Preproviz

Markus Vattulainen

2016-07-09

Data quality issues such as missing values and outliers are often interdependent, which makes preprocessing both time-consuming and leads to suboptimal performance in knowledge discovery tasks. This package supports preprocessing decision making by visualizing interdependent data quality issues through means of feature construction. The user can define his own application domain specific constructed features that express the quality of a data point such as number of missing values in the point or use nine default features. The outcome can be explored with plot methods and the feature constructed data acquired with get methods.

Quick start

Simple exploration can be done by passing a data frame as an argument. The data frame must have one factor variable and other variables numeric.

library(preproviz)
result <- preproviz(iris)
## [1] "Data in process: controlobject"

The resulting object can be plotted with various plot functions.

plotDENSITY(result)

plotHEATMAP(result)

Comparisons

The package supports comparison of multiple data sets or different versions of a same data set.

Let’s make some test data.

iris2 <- iris
iris2[sample(1:150,30), 1] <- NA # adding missing values
iris2[sample(1:150,30), 5] <- levels(iris2$Species)[2] # adding inconsistency 

and then setup comparison between iris and iris2.

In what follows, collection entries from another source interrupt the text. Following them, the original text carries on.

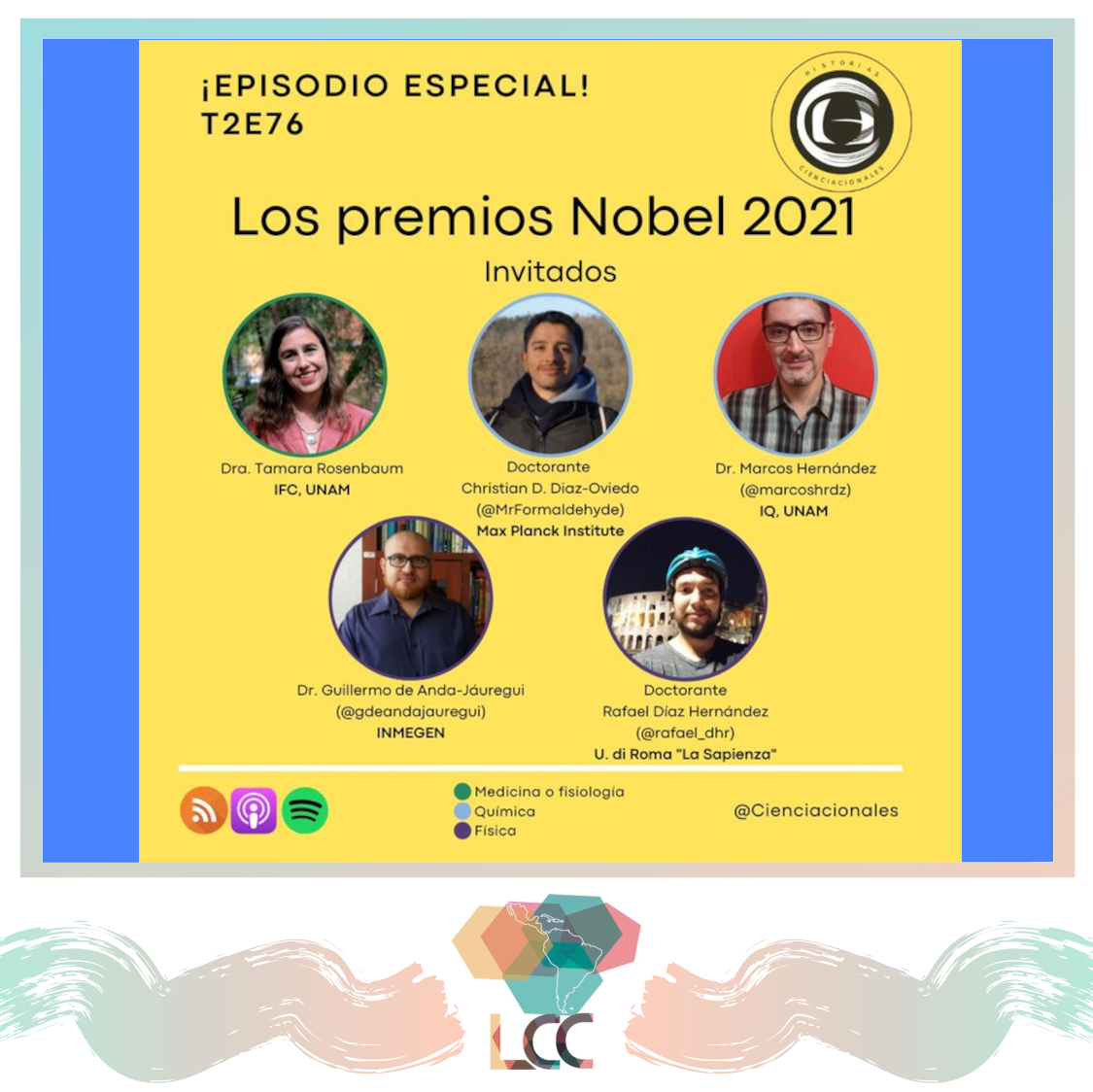 Nuestro episodio especial anual de los premios Nobel tiene este año casa llena, lo cual nos pone muy contentos. Sobre el de Medicina o Fisiología platicamos con Tamara Rosenbaum, que lleva años estudiando las biomoléculas que han sido reconocidos con el premio; del de Química platicamos con Marcos Hernández y Christian Díaz Oviedo, ambos estudian la organocatálisis y Christian forma parte del laboratorio de uno de los laureados, y finalmente del de Física, platicamos con Guillermo de Anda, también especialista en sistemas complejos y en redes, y con Rafael Díaz Hernández, que forma parte del laboratorio de uno de los premiados. ¡Un verdadero Nobel-fest!
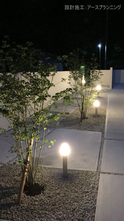 夜間照明エントランス照明を通路に3台、更に門柱を照らすエントランス照明が1台、光の道を創ります。 |
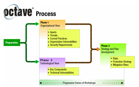 OCTAVE (Operationally Critical Threat, Asset, and Vulnerability Evaluation) surgió en el SEI (Software Engineering Institute) de la Universidad Carnegie Mellon. Se trata de una metodología centrada en activos cuyo foco está en los riesgos organizacionales más que en los tecnológicos y, a grandes rasgos, consta de tres fases (Hajrić et al, 2020):
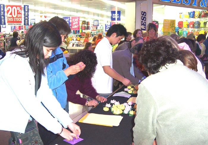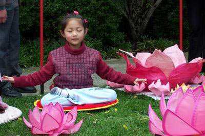 活动主办者说:“今天,我们在这里将教会孩子们如何制作象征着纯洁与美丽的纸荷花,同时也将展现出真、善、忍及人类对美好的不断向往与追求。并通过这一活动向有不同文化背景的人倡导宽容和同情心以推动世界的和平。”
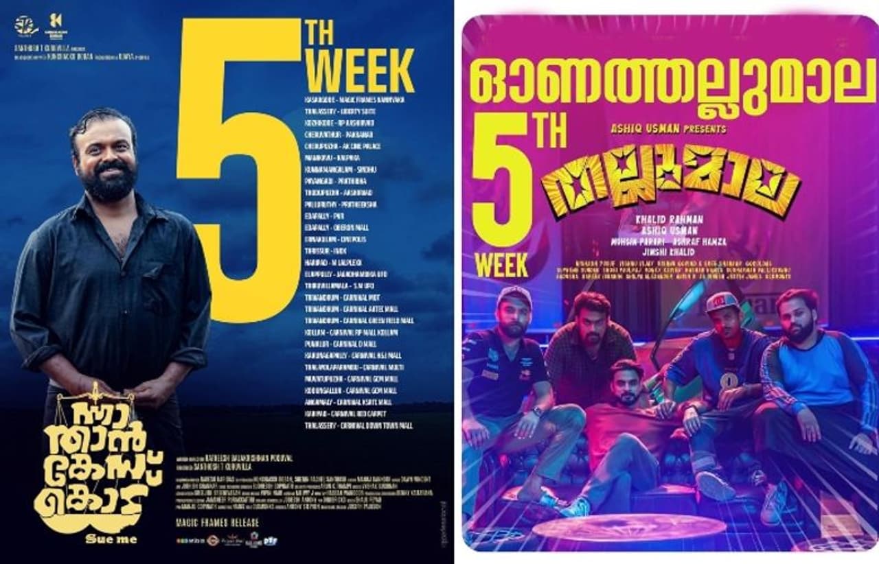 ബിഗ് ബജറ്റ് ഇതരഭാഷാ ചിത്രങ്ങള് തിയറ്ററുകളില് ആളെക്കൂട്ടുമ്പോള് മലയാള ചിത്രങ്ങള് ആളില്ല എന്ന ആശങ്കയ്ക്കും ചര്ച്ചകള്ക്കുമിടയിലാണ് ആ തോന്നല് തിരുത്തിക്കുറിച്ച് രണ്ട് ചിത്രങ്ങള് എത്തിയത്. കുഞ്ചാക്കോ ബോബനെ നായകനാക്കി രതീഷ് ബാലകൃഷ്ണന് പൊതുവാള് സംവിധാനം ചെയ്ത ന്നാ താന് കേസ് കൊട് എന്ന ചിത്രവും ടൊവിനോ തോമസിനെ നായകനാക്കി ഖാലിദ് റഹ്മാന് സംവിധാനം ചെയ്ത തല്ലുമാലയുമാണ് ആ ചിത്രങ്ങള്. ഇതില് ന്നാ താന് കേസ് കൊട് ഓഗസ്റ്റ് 11നും തല്ലുമാല 12നുമാണ് തിയറ്ററുകളില് എത്തിയത്. ഓണം റിലീസുകള് എത്തിയിട്ടും അഞ്ചാം വാരത്തിലും തിയറ്ററുകളില് ഈ ചിത്രങ്ങള് പ്രദര്ശനം തുടരുകയാണ്.
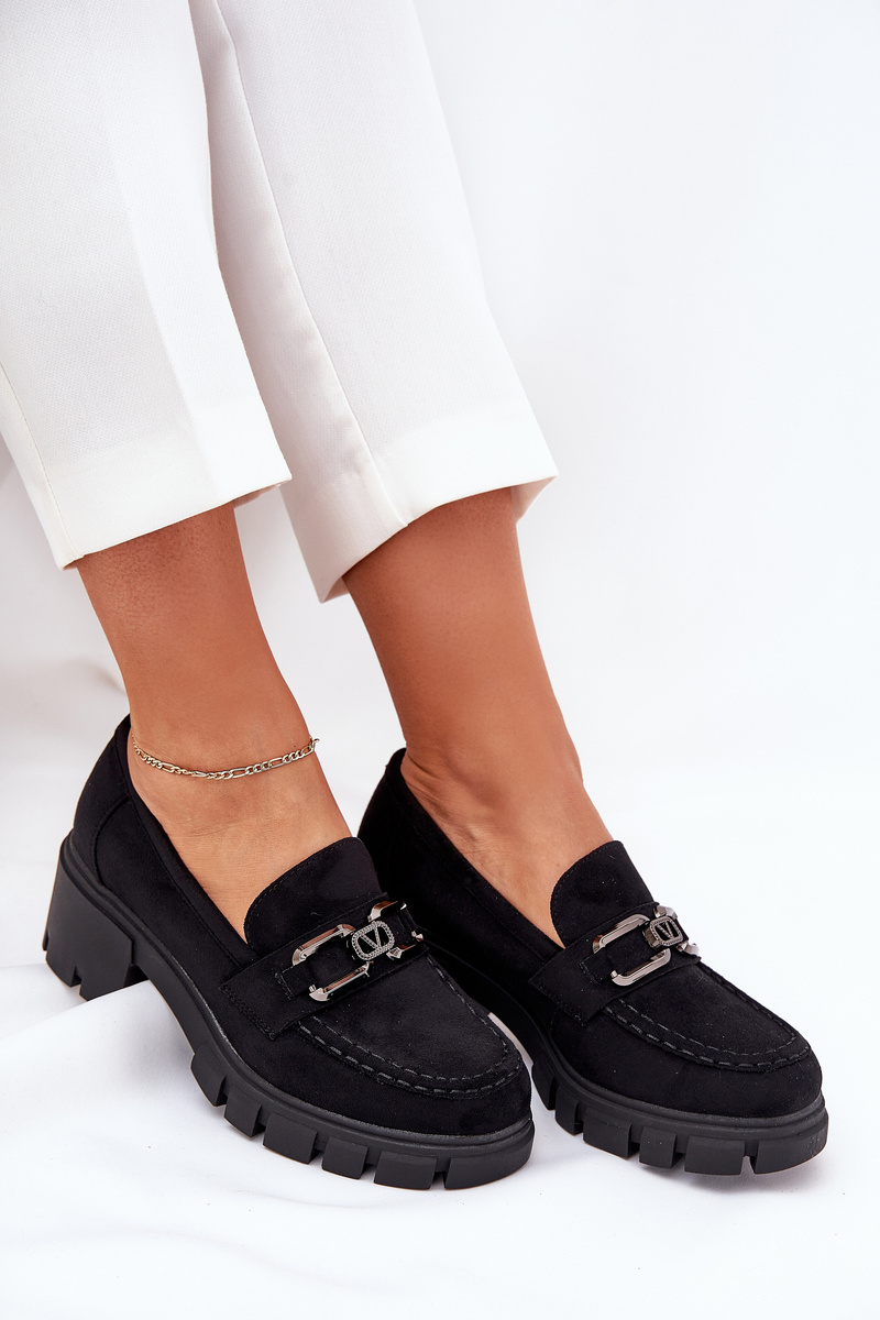Еко Замшеві Напівчеревики Для Жінок З Декором 39921 Чорні Vinceza
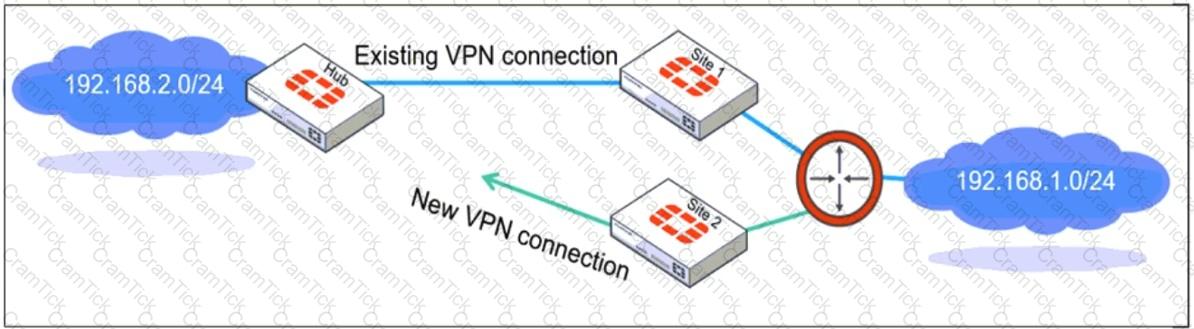 Refer to the exhibit, which shows a network diagram showing the addition of site 2 with an overlapping network segment to the existing VPN IPsec connection between the hub and site 1.
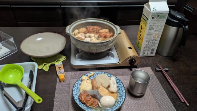 晩酌 今夜の晩酌 おでんの残りで一杯 静かなお正月ですな、今日も昼頃までぐっすりです。年末に買いそろえた食材も順調に消費されてます。準備してるのは3日までなので、日曜日は買いに出ないといけないなぁ。今夜は昨夜の残りに新たなおでん種を加えて。昨日にも増してしみ旨度はアップですかな... 2026.01.02 晩酌
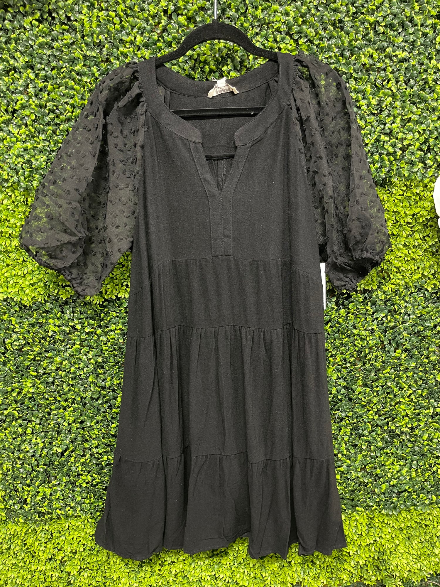 Linen Tierd A-Line Split Neck Dress with Floral Applique Detailed Cuffed Sleeve
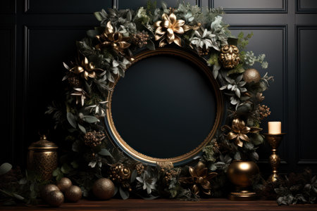 A minimalist black room with a focus on a stunning gold Christmas wreath hanging on the wall, adding a touch of festive elegance to the space. Generative Ai
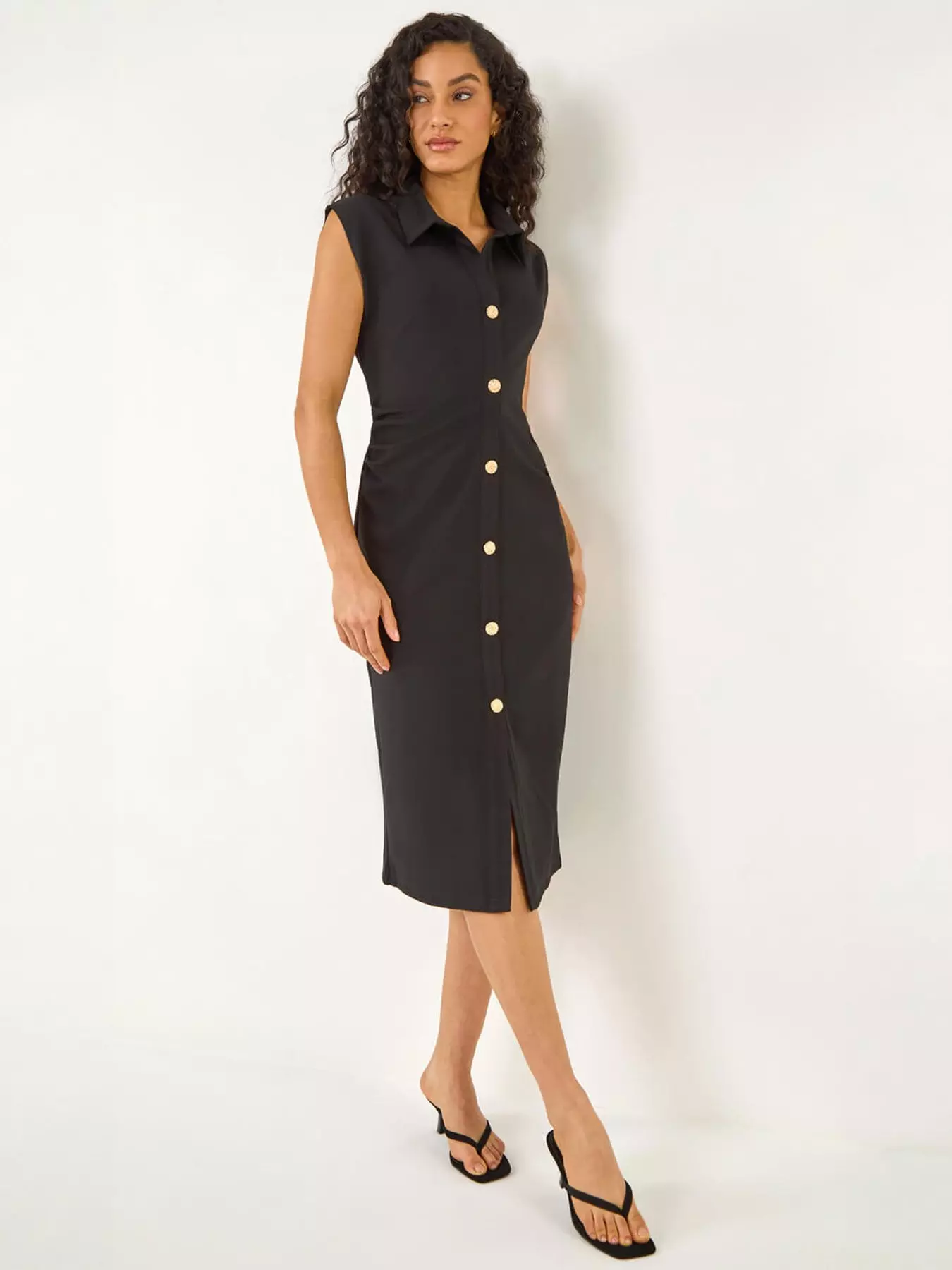 RomanDusk Collared Ribbed Midi Dress
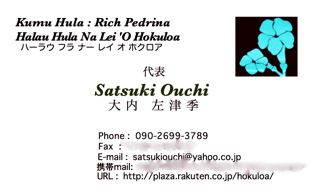 Hokuloaです。以前PCのハードディスクが破損して全てのデータを失ったのをお話ししましたが、その為に滞っていた様々な事を少しずつ少しずつクリアして着ました。で、ずっと困っていた名刺作り。もう手元には数枚しか残ってない名刺。使っていたソフトは家のどこかにあるはずなのに無いっ。仕方なく新たなバージョンも出たのを機に今回購入。今日やっと新しい名刺を作りました。 Web上で公表していない情報はボカしてあります 以前のものは、ハーラウフラワーのプアケニケニの写真を載せていましたが、今回はnew ハーラウTシャツのデザインをそのまま載せました。と言うか、それ以外は何も変えていないんですが・・・次回レッスン時には、生徒さんへもレッスンチケットもやっとお渡し出来ます。

result <- preproviz(list(iris, iris2))
## [1] "Data in process: A"
## [1] "Data in process: B"

Plotting how the constructed features cluster (that is, which features are linearly dependent on each other).

plotVARCLUST(result)

and then how the constructed feature data points cluster when reduced to two dimensions.

plotCMDS(result)

Customization

Finally, the setups can be customized in detail:

customparameters <- initializeparameterclassobject(list("LOFScore", "ScatterCounter"))
setup1 <- initializesetupclassobject("setup1", customparameters, initializedataobject(iris))
setup2 <- initializesetupclassobject("setup2", customparameters, initializedataobject(otherdataframehere)) 
control <- initializecontrolclassobject(list("setup1", "setup2")) 
result <- preproviz(control)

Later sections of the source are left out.